Mas era uma barriga inchada porque como me explicou a médica, parece que por fora não mexeu muito, mas por dentro são cortes e mais costuras. A gente não sabe se ensaboa correndo ou vai devagar. Estou tateando um novo corpo e ele ainda não me pertence. Entrei em conflito com ele depois de engordar após a apendicite, de outros tratamentos me sanfonarem e não emagrecer tanto quanto achava que devia. Devia segundo quem cara pálida? A gente milita tanto em sala de aula, nos movimentos feministas, mas parece que conosco sozinhas é que o bicho pega. Era como se só engolisse a aceitação da barriga engordar em quem teve filho - as outras jamais! Mas são duas operações abdominais, fora os tratamentos de sono engorda-emagrece. É uma história sobrevivência para celebrar.

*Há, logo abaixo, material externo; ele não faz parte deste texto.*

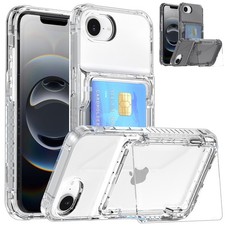 For iPhone 16e/17e Case Complete Rugged Protection Metal Stand + Tempered Glass

Mais tarde, falando com minha prima irmã nervosa com sistema online de nota do microempreendedor individual dando pau (porque já tenho que sair da leseira da anestesia a todo vapor) ela me lembrou do básico: operou, tá viva. Hoje é o dia da gratidão. A $ é um coadjuvante neste contexto. São dez vezes em que entrei na faca, uma só pelo vídeo. Mas sigo semi inteira, semi magra, mas inteiramente pega de surpresa por este olhar.
A médica assistente, mais presente que o principal que só desceu do panteão dos deuses pra tirar as pedras e a vesícula, disse que ele preferia tirar os curativos no consultório. Olhando e mexendo meio desajeitadamente não entendo se tem esparadrapo manchado ou a pele indica que passou uma cirurgia por vídeo ali. Passo sabão e bucha pulando os trechos que prometem fortes emoções demais. Segue um território nebuloso de aceitação, vulnerabilidade e redescoberta.
Lembrei da oficina de fotografia e gênero que uma amiga dá. Não se fotografa a barriga inchada operada, a não ser que seja pra simpósio de saúde, TCC ou artigo médico. Quem acolhe a mulher que adoece, opera, engorda, emagrece, mas não muito, segundo a régua estética que ninguém consegue seguir? Acho que em primeiro lugar ela mesma: que soma de sobrevivência a celebrar eu me tornei! De novo no meio deste destino um contratempo de saúde me atropelou (porque a sensação é bem esta voltando de anestesia geral), mas eu ainda estou aqui! E sigo resistindo. Mas principalmente aprendendo a lidar com um corpo que não dá a luz, mas ainda assim engorda, emagrece e me tira do lugar de conforto. Deve ser um treinozinho pra empreitadas com menor espaço de contemplação e descoberta. Seguiremos teimando. E aprendendo a lidar. Que corpo e sobrevivência também é aprendizagem.